# Blade facing wrong way?



## SuzyJones (28 Nov 2017)

Hi, I'm totally new to scrolling but having taken my work pension a couple of weeks ago, I fancied having a go. I was going to buy an inexpensive Scheppach scroll saw but Aldi had a similar one for about half the price. My husband set it up and it seems to work well (in as far as I know), however the pinned blade cutting edge faces to the left which means I have to stand to the left to cut. This doesn't seem right to me but what do I know? Is that normal?

In the meantime I'm waiting for some pinless blades I bought on the internet to try some internal cuts. Looking at the instructions, these would be facing the front, so looking forward to trying those.

Thanks for any advice.


----------



## Lons (28 Nov 2017)

Cutting edge usually faces forward, is there an adjustment or rotating mechanism? Or maybe the blade holder not seated correctly Photo would help.

EDIT: Just looked at the saw on line and whilst the photo isn't clear it does show the blade cutting edge to the left so I don't know. Not sure it makes any difference when you're working though I'd find it a bit strange at first.

Is this it? https://www.aldi.co.uk/workzone-120w-sc ... 0173517100
Bob


----------



## whatknot (28 Nov 2017)

Morning, your blade should be facing front usually 

Do you have a picture of the blade clamp/holder on yours


----------



## whatknot (28 Nov 2017)

Does yours look similar to this ?


----------



## whatknot (28 Nov 2017)

I wonder if you have this type of blade holder?

Which allows side fitting of a pinned blade and well as forward facing ?

Most are just forward facing


----------



## NazNomad (28 Nov 2017)

The ADLI (Workzone) saw is the generic saw that is sold by everyone and their granny (Record, SiP, Scheppach, Jet, Ozito, Kobe, Clarke, Dayton, Ryobi... the list is almost endless)



As above, the pinned blades should be able to face in any direction, which is often useful if your workpiece is larger than the throat of the saw.


----------



## whatknot (28 Nov 2017)

Whilst they are largely the same basic machine, they do have a few differences seller to seller, one being the blade holder, not all have the facility of side blade fitting

Oddly I have yet to find a manual for a machine that fully explains it even when it has that side fitting type fitted 



NazNomad":283j1g9t said:


> The ADLI (Workzone) saw is the generic saw that is sold by everyone and their granny (Record, SiP, Scheppach, Jet, Ozito, Kobe, Clarke, Dayton, Ryobi... the list is almost endless)
> 
> 
> 
> As above, the pinned blades should be able to face in any direction, which is often useful if your workpiece is larger than the throat of the saw.


----------



## SuzyJones (28 Nov 2017)

whatknot":2a50yszq said:


> I wonder if you have this type of blade holder?
> 
> Which allows side fitting of a pinned blade and well as forward facing ?
> 
> Most are just forward facing




Yes this looks a bit like it (second picture).
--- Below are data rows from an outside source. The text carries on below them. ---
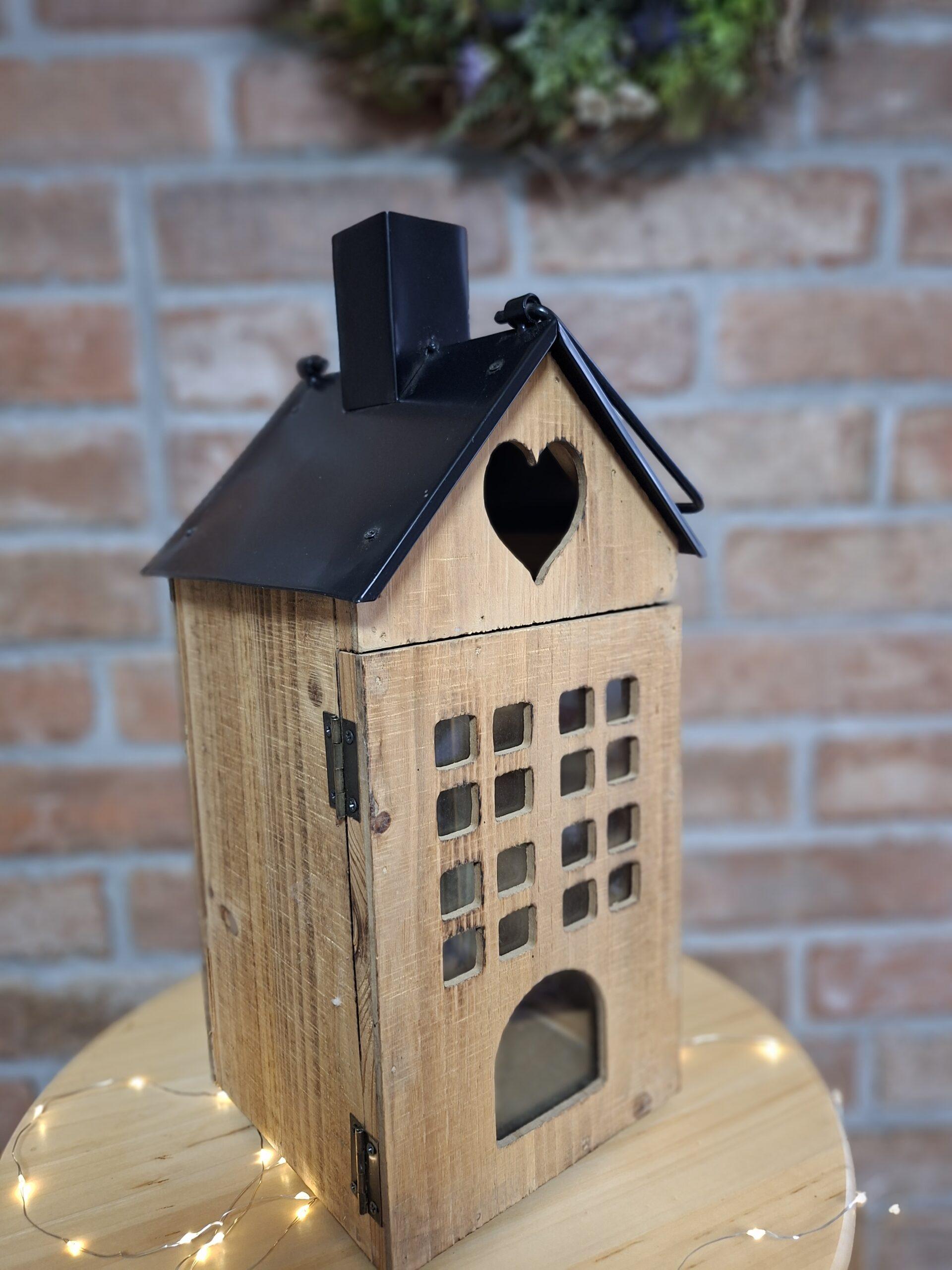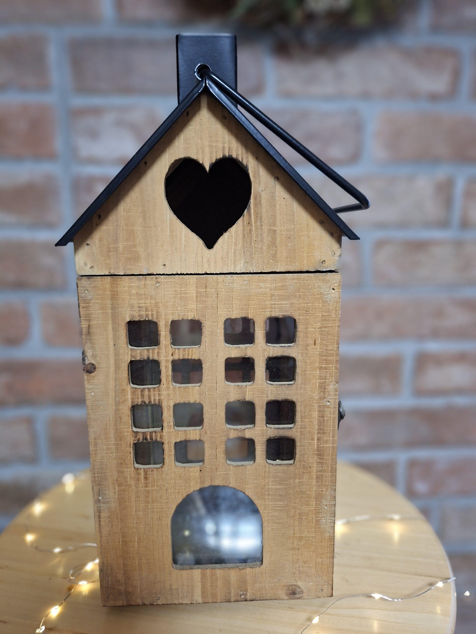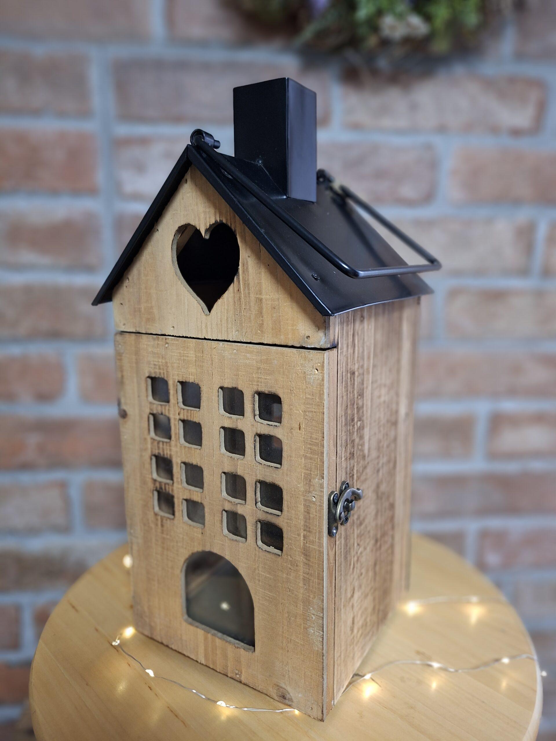 Štýlová drevená lucerna v tvare domčeka vytvorí vo vašom domove príjemnú a útulnú atmosféru. Kombinácia dreva, skla a kovu pôsobí elegantne a zároveň rustikálne. Vhodná na sviečku alebo LED sviečku, ideálna do interiéru aj na krytú terasu.
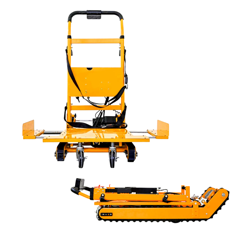 The electric stair climber is designed for heavy-load transportation in elevator-free scenarios. With electric track drive and triangular stable structure as the core, it replaces manual labor to achieve efficient and safe transportation. The anti-slip track enhances grip, while intelligent angle calibration and dual safety protection prevent tipping, ensuring the safety of personnel and cargo. The foldable body facilitates storage, and universal casters enable seamless switching between flat movement and stair climbing. The lithium battery with fast charge and long endurance meets all-day operation needs, and the LCD touch panel ensures easy operation. The lightweight aluminum alloy body balances load capacity and portability, with modular design for easy maintenance. Widely used in logistics, home appliances, construction and other industries, it is the preferred choice for transportation upgrading in elevator-free scenarios.
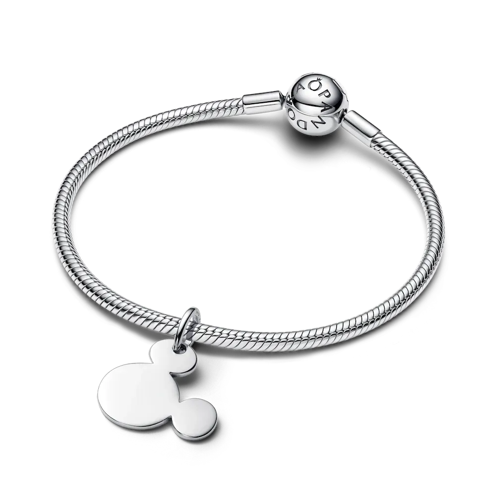 Introducing the first-ever engravable Disney x Pandora pendant, featuring Mickey Mouse’s iconic silhouette in sterling silver.
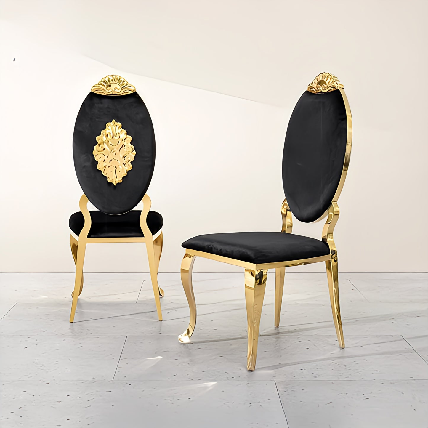 The Ambrosia Gold Dining Chairs are the epitome of regal luxury. Crafted from lustrous gold metal and luxurious velvet, these chairs are the perfect complement to any sophisticated, timeless décor. Their classic silhouette and elegant craftsmanship make them an ideal choice for creating a distinguished atmosphere around your table.
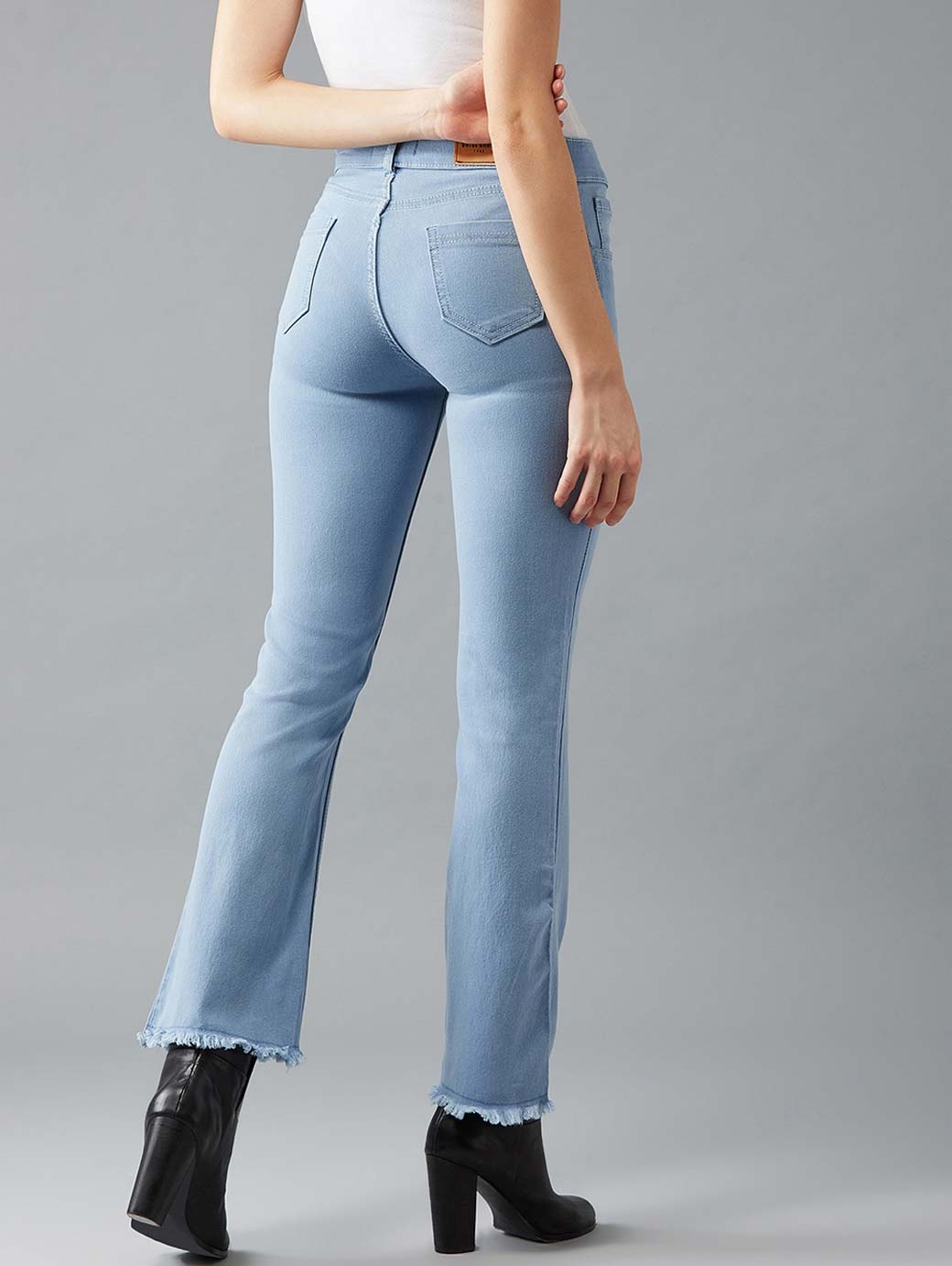 Blue medium wash 5-pocket high-rise jeans, clean look, light fade, has a button and zip closure, and waistband with belt loops
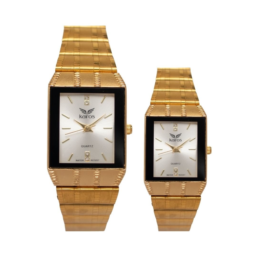 Hermoso par de relojes para pareja, diseñados para quienes desean compartir estilo y elegancia. Ambos relojes están fabricados en acero inoxidable color dorado, cuentan con hora análoga y calendario sencillo, ideales para el uso diario o para ocasiones especiales.
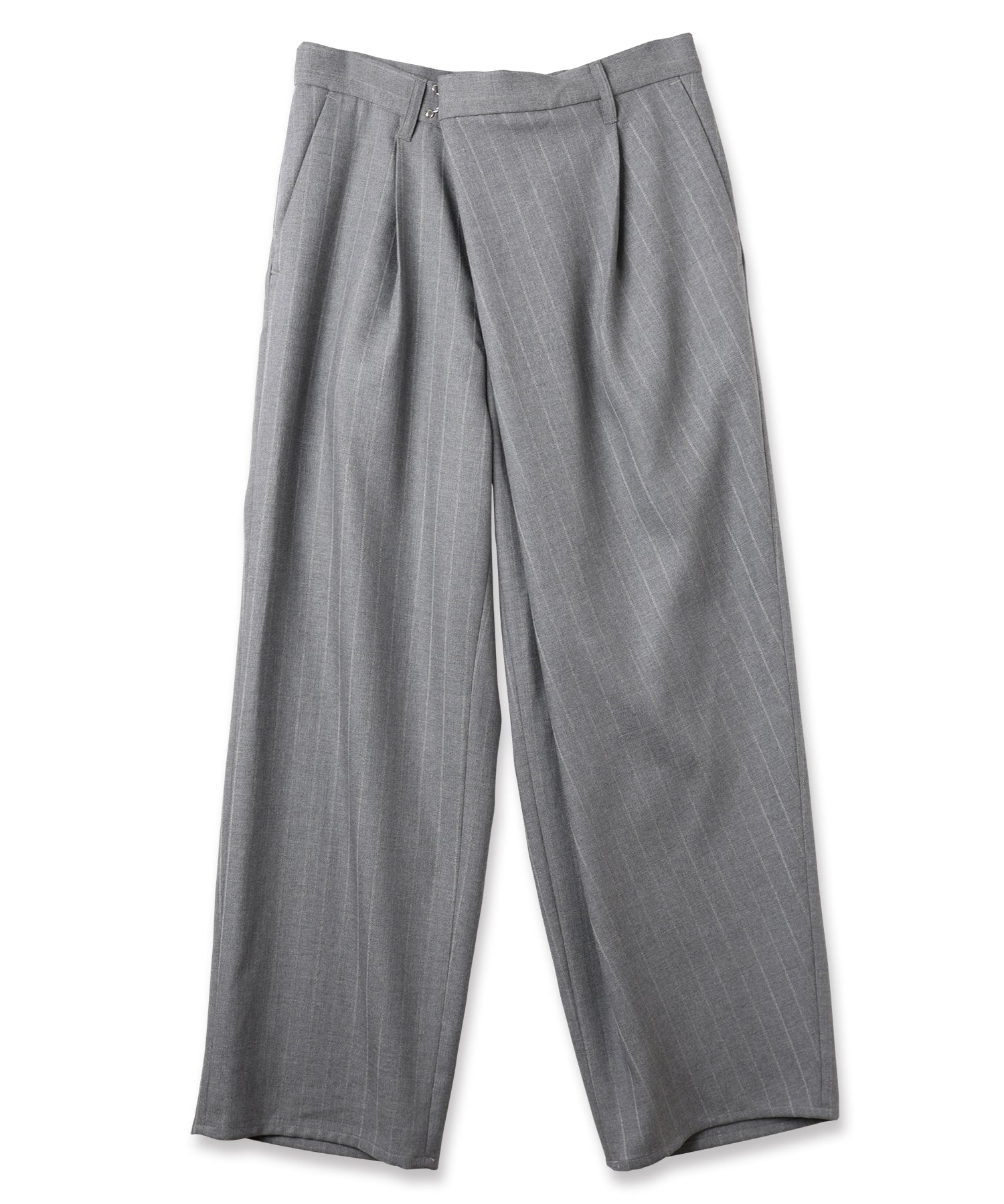 大きいウエストをつまみ腰回りのドレープ感が特徴的なオーバーラップスラックス。
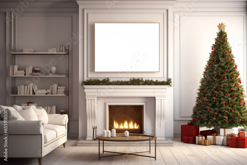 Christmas background of a bright living room. Stylish interior design. A fireplace with a Christmas tree and Christmas decorations, gifts. Modern poster mockup, space for text

So relieved it's not a dud. (Well it does cut I suppose..)
Thanks.


----------



## SuzyJones (28 Nov 2017)

Lons":2oko0hoi said:


> Cutting edge usually faces forward, is there an adjustment or rotating mechanism? Or maybe the blade holder not seated correctly Photo would help.
> 
> EDIT: Just looked at the saw on line and whilst the photo isn't clear it does show the blade cutting edge to the left so I don't know. Not sure it makes any difference when you're working though I'd find it a bit strange at first.
> 
> Bob



Thanks for the video link, I hadn't seen that. It shows the man cutting a bit of wood from the left, so should be alright.


----------



## NazNomad (28 Nov 2017)

.. then he angles the table and still cuts from the left, proving that he's an actor and has no fekkin' idea what he's doing. :-D


----------



## whatknot (28 Nov 2017)

It should do *both* forward facing and sideways with the same blade holder 

Using pinless it will only take the pinless adapter cutting forwards as you look at the saw 

The pinless adapters with this type of blade holder are a bit of a pain I will warn you, so don't be put off by them being a bit fiddly to use 

Other saws have different types of blade clamp and are much better/easier to use 

You will learn over time

Enjoy it 



SuzyJones":1yxp6rny said:


> whatknot":1yxp6rny said:
> 
> 
> > I wonder if you have this type of blade holder?
> ...


----------



## SuzyJones (28 Nov 2017)

whatknot":x7x6n4if said:


> Enjoy it



Thanks, I will be trying  !!


----------



## Jacob (28 Nov 2017)

Would a cheapo scroll saw like that do for 10mm thick hardwood? Just occasional use - I've got a windsor chair splat to do.


----------



## NazNomad (28 Nov 2017)

Jacob":ovj1x5cr said:


> Would a cheapo scroll saw like that do for 10mm thick hardwood?



Yes, no problem.


----------



## Garno (28 Nov 2017)

If it does cut from the left what happens when he tilts the table? He will not be getting angled cuts or the angled cuts will go from front to back instead of left to right.


----------



## whatknot (28 Nov 2017)

Its the users choice whether they use the blade at 90 degrees or straight 

Its meant to enable longer cuts 



Garno":2lvdpdqy said:


> If it does cut from the left what happens when he tilts the table? He will not be getting angled cuts or the angled cuts will go from front to back instead of left to right.


----------



## Garno (28 Nov 2017)

whatknot":2duxfqg9 said:


> Its the users choice whether they use the blade at 90 degrees or straight
> 
> Its meant to enable longer cuts
> 
> ...



Sorry my bad, I thought it was set like that I didn't realise it could be changed.


----------



## NazNomad (28 Nov 2017)

Garno":1m174l9m said:


> If it does cut from the left what happens when he tilts the table? He will not be getting angled cuts or the angled cuts will go from front to back instead of left to right.




Which is precisely what the numpty does in the promotional video, see my earlier comment :-D


----------